'''
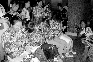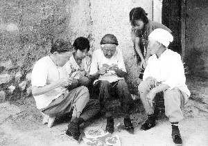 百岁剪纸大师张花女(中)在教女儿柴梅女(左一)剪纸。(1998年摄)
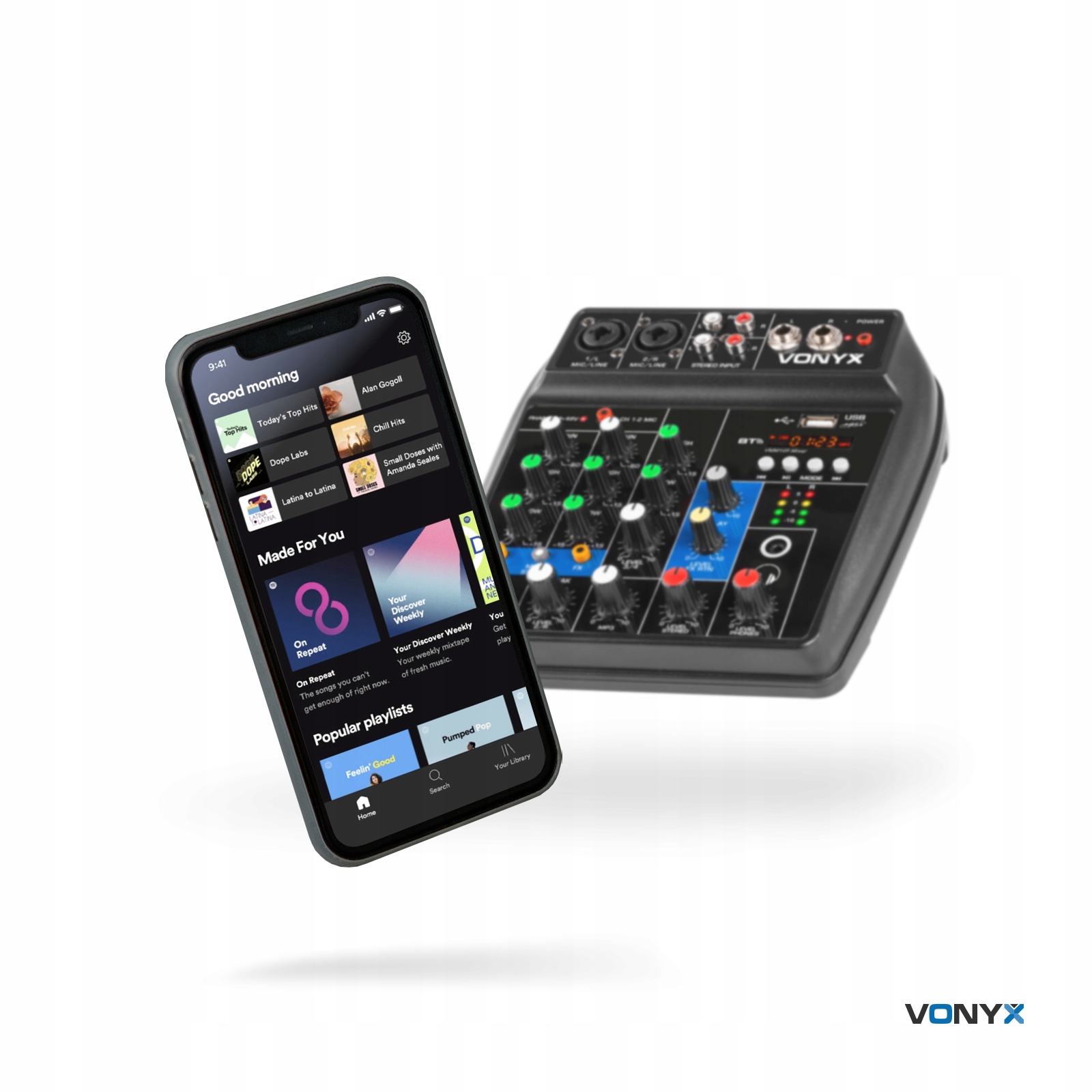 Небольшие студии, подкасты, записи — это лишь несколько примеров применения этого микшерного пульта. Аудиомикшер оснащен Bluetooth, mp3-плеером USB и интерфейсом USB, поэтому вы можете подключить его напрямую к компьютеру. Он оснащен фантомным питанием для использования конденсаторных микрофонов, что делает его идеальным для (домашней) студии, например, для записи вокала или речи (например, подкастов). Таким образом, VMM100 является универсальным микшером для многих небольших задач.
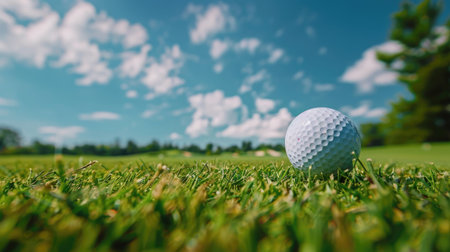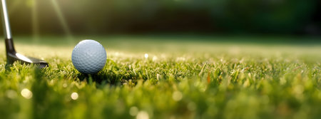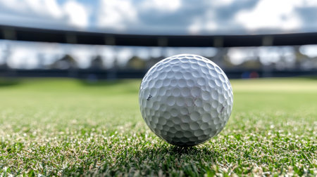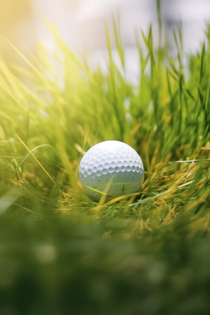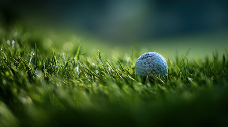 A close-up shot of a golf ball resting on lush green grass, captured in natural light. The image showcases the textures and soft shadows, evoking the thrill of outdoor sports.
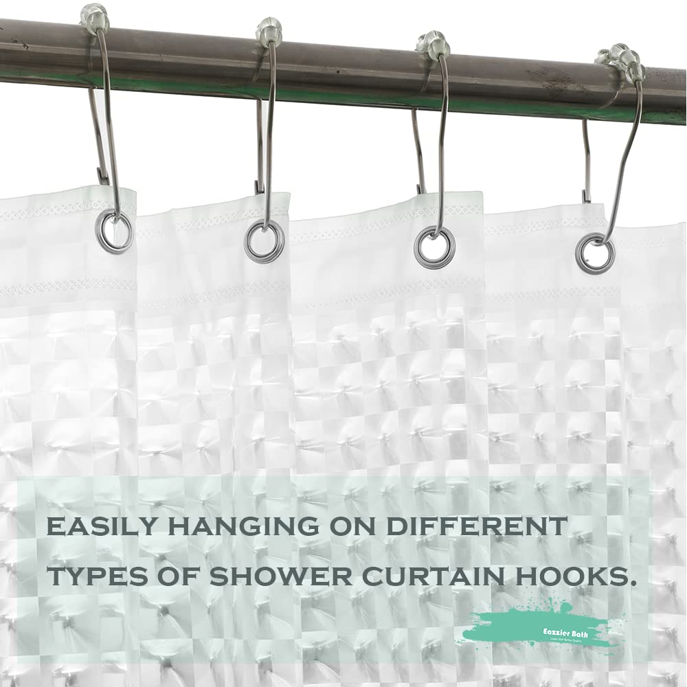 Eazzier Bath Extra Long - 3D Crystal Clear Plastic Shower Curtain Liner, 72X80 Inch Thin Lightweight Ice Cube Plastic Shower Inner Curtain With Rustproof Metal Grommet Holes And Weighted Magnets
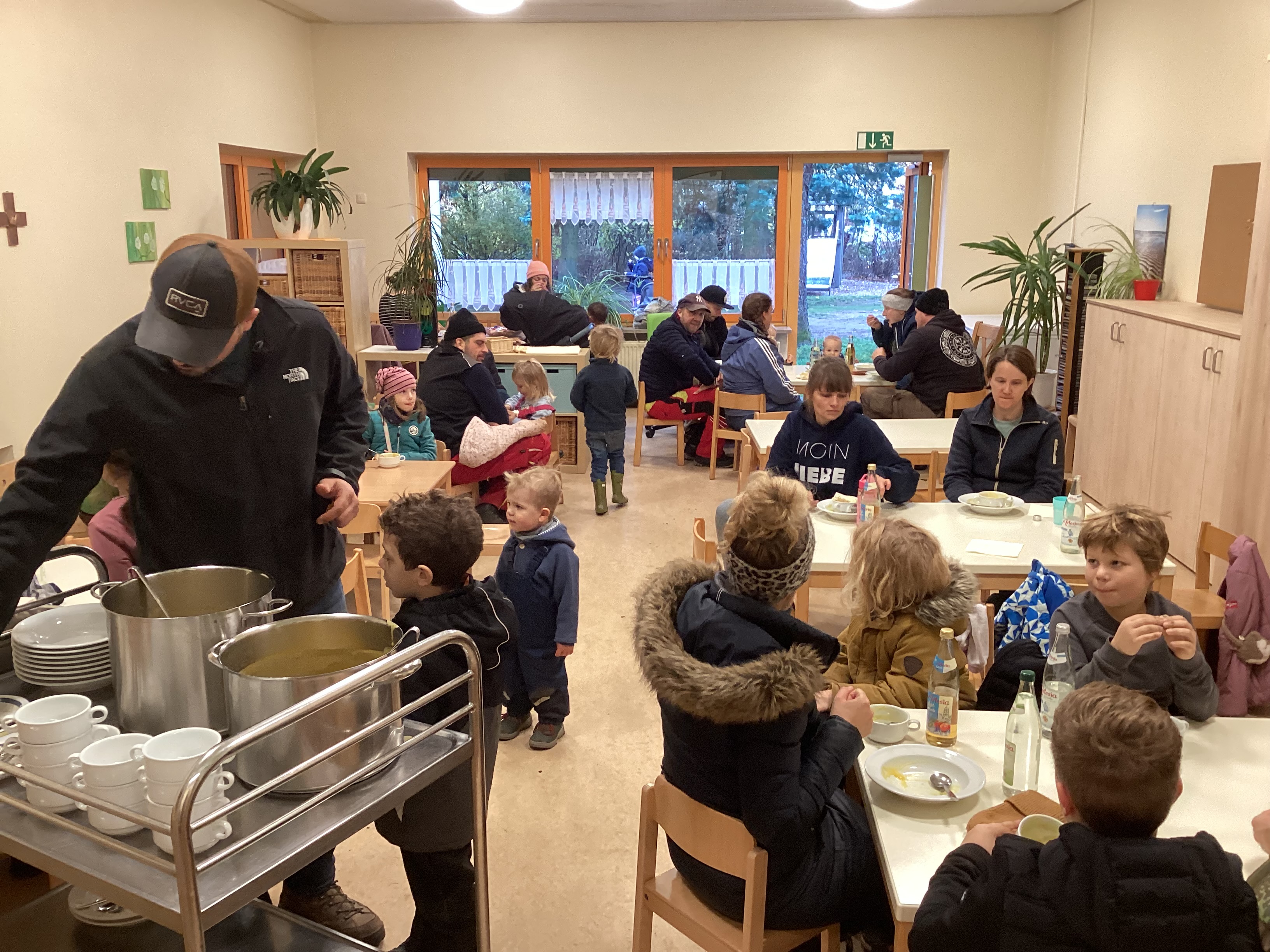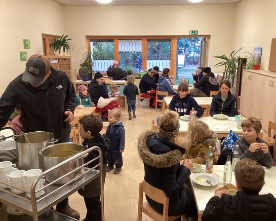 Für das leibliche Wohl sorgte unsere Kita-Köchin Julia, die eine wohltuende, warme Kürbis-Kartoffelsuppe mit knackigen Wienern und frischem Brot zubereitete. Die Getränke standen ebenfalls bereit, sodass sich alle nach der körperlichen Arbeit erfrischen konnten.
'''
**THE PROBLEM**. A word-for-word copy of the entries above is what is needed, without any images.

**REPLY**.
 百岁剪纸大师张花女(中)在教女儿柴梅女(左一)剪纸。(1998年摄)
 Небольшие студии, подкасты, записи — это лишь несколько примеров применения этого микшерного пульта. Аудиомикшер оснащен Bluetooth, mp3-плеером USB и интерфейсом USB, поэтому вы можете подключить его напрямую к компьютеру. Он оснащен фантомным питанием для использования конденсаторных микрофонов, что делает его идеальным для (домашней) студии, например, для записи вокала или речи (например, подкастов). Таким образом, VMM100 является универсальным микшером для многих небольших задач.
 A close-up shot of a golf ball resting on lush green grass, captured in natural light. The image showcases the textures and soft shadows, evoking the thrill of outdoor sports.
 Eazzier Bath Extra Long - 3D Crystal Clear Plastic Shower Curtain Liner, 72X80 Inch Thin Lightweight Ice Cube Plastic Shower Inner Curtain With Rustproof Metal Grommet Holes And Weighted Magnets
 Für das leibliche Wohl sorgte unsere Kita-Köchin Julia, die eine wohltuende, warme Kürbis-Kartoffelsuppe mit knackigen Wienern und frischem Brot zubereitete. Die Getränke standen ebenfalls bereit, sodass sich alle nach der körperlichen Arbeit erfrischen konnten.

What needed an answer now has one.